Greyhawk: The Final Frontier

Using the Greyhawk 1e module S3 Expedition to the Barrier Peaks would be a good start in the futuristic direction. The saucer could even be a detached command module from a destroyed/separated/alternate universe Enterprise, if you're so inclined ;)

If you have access to the Dragon Archive CDs, also check out The Dragon #17, which has an article by EGG called "Faceless Men and Clockwork Monsters"---it details the misadventures of a bunch of adventurers beneath Castle Greyhawk who were thrown onto the Starship Warden (from the TSR game Metamorphosis Alpha, the 1976 precursor to Gamma World) via a cursed scroll. A few issues later there's a conversion article (there's also info in the 1e DMG for doing Gamma World :: AD&D conversions).
 

log in or register to remove this ad

dead said:
I think it would be a great idea to hypothesise a fantasy world in the far future, like Greyhawk for example.
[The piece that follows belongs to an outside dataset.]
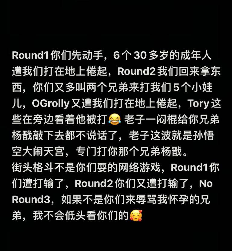 “Round1你们先动手,遭打输了,Round2你们又遭打输了,No Round3,如果不是你们来辱骂我怀孕的兄弟,我不会低头看你们的!”

Nobody seems to do this when they make a future/fantasy setting, however. What they always seem to do is create Human worlds, Orc worlds, Elf worlds, and then all these races meet in space.

Is Dragonstar like this?

I *think* Warhammer 40K is like this. It would have been nice if Warhammer 40K was actually the Warhammer Fantasy world advanced into the future. I don't know, maybe it is! If someone could clear this up for me, it'd be much appreciated.

P.S. I'm not talking about worlds like Shadowrun or d20 Modern. They use Earth as their frame of reference so things are monumentally easier. Not to mention the fact that in Shadowrun, magic "appeared" in the present day so we cannot assertain how magic would have affected the world because for a most of it's history the Shadowrun Earth was without magic like our own. I'm not sure about d20 Modern's world. Did magic "appear" or was it hanging around since the middle ages of that world?
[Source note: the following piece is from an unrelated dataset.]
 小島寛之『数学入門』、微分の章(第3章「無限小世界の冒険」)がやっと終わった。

Dragonstar assumes that many races coexist on different worlds, even before spacefaring was developed. This is one of the reasons why the dragons could become such a power - they were found on many worlds...

In D20 Modern, it finally depends on the setting you chose. Urban Arcana and Shadowchasers seem to imply that the magic is always there, but hidden from most, so it has only little influence on the world.
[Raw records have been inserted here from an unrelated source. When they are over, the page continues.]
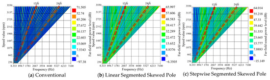 Finally, an air domain with a radius of 1 m is established centered on the motor, and the vibration results from the structural field are mapped to the acoustic field. The noise level caused by sound wave propagation is calculated through simulation. Figure 17 shows the noise waterfall diagram across the full speed range of the motor before optimization, after linear skewed pole optimization, and after stepwise skewed pole optimization.
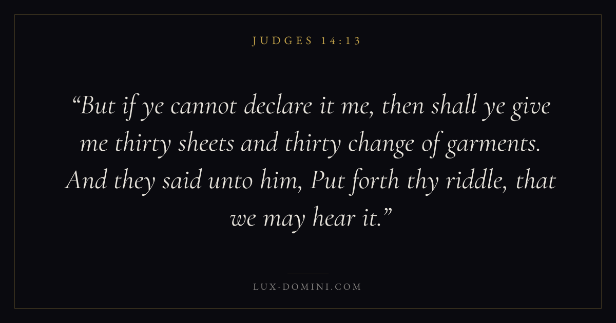 But if ye cannot declare it me, then shall ye give me thirty sheets and thirty change of garments. And they said unto him, Put forth thy riddle, that we may hear it.
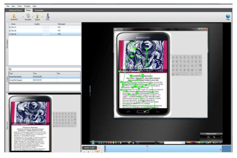 According to Reeves (2006), the last phase of DBR is that of making reflections and conclusions purposed at producing instructional design or pedagogical principles and implications. In this section, we make a recap of reflective observations, which the teacher-trainees made about their active experimentation of Tobii-T120 to track the eye-movements of students who were reading and engaging with learning objects on mobile phones:
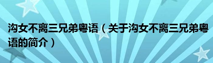 本文關于溝女不離三兄弟粵語的簡介就講解完畢,希望對大家有所幫助。

I am not sure if a strong distinctin between magic and technology would really apply in a Greyhawk like world. If you assume that magic never evolves, and the people will always have only the ability to craft expensive magic items and cast 10 (0 to 9) levels of spells in the given patterns, than this is certainly true. But if you allow advancement in magic like they were made in "technology" (we begin with individuals building an item, than create manufacturies and than factories), than you would probably create some kind of magic technology, capable of doing all the things that technology today also can, for the same prices.
(In Dragonstar, they use a mixture of tech and magic - technology to create lasers, blasters and so on, magic to allow faster-than-light travel - starcasters)

There should at least be a good reason why technology and magic doesn`t mix well and there is a strong distinction between the two.